● **Aim of the exercise**
Transcribe exactly the lines from the one containing "HashSet과 TreeSet의 요소를 저장한 결과를 비교" through the end of the data, both included. Leave out pictures.

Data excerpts
◆ ◆ ◆ ◆

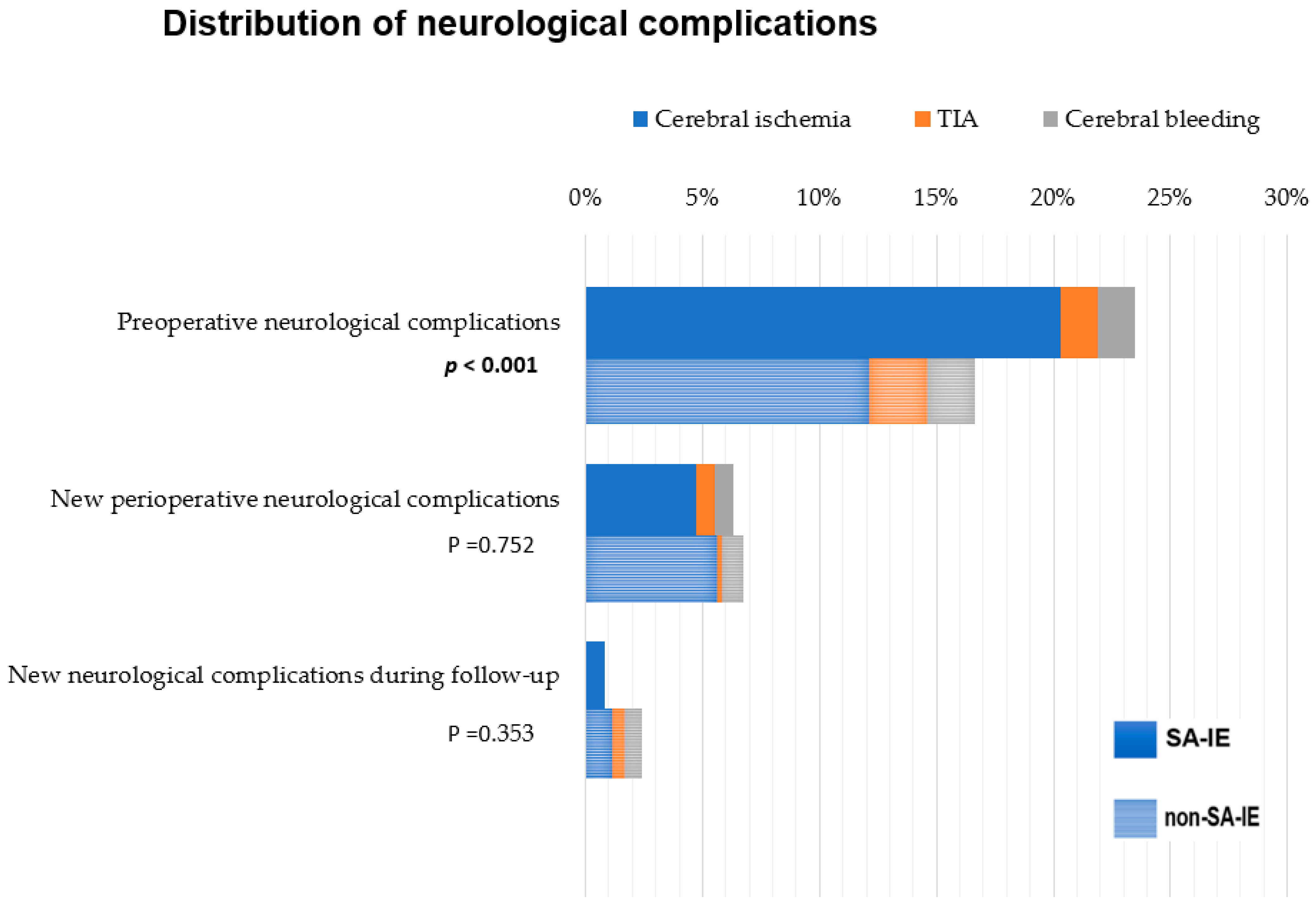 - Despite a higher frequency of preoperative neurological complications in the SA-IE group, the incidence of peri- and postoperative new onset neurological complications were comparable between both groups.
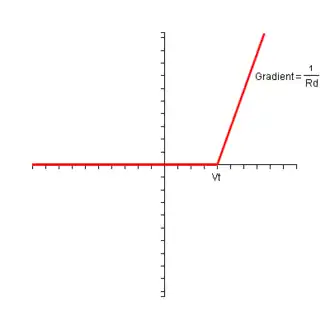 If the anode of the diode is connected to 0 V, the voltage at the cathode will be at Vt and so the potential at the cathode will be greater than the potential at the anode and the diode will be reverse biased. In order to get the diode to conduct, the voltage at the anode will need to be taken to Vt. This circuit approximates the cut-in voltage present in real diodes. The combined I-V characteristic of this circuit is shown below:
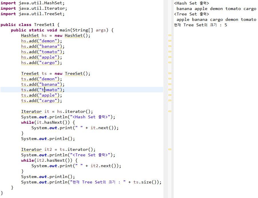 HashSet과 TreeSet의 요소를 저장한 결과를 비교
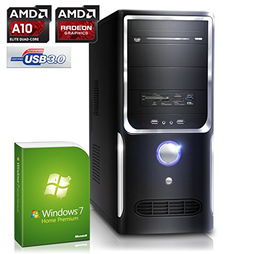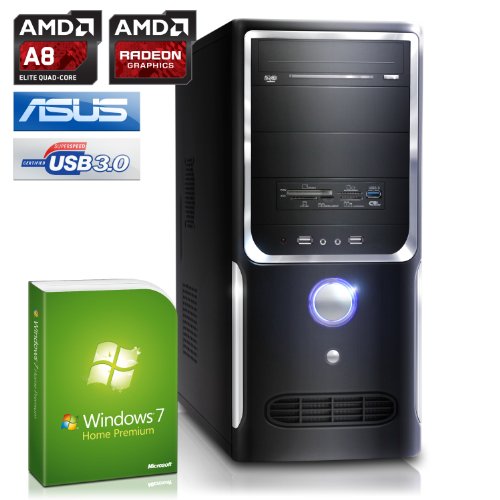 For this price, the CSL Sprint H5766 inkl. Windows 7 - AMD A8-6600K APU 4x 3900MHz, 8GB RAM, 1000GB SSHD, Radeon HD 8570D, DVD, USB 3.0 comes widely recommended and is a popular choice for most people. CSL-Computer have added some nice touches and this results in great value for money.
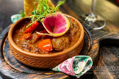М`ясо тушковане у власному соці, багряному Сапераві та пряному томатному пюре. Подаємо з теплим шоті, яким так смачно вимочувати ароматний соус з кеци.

◆ ◆ ◆ ◆

● **Expected answer**
 HashSet과 TreeSet의 요소를 저장한 결과를 비교
 For this price, the CSL Sprint H5766 inkl. Windows 7 - AMD A8-6600K APU 4x 3900MHz, 8GB RAM, 1000GB SSHD, Radeon HD 8570D, DVD, USB 3.0 comes widely recommended and is a popular choice for most people. CSL-Computer have added some nice touches and this results in great value for money.
М`ясо тушковане у власному соці, багряному Сапераві та пряному томатному пюре. Подаємо з теплим шоті, яким так смачно вимочувати ароматний соус з кеци.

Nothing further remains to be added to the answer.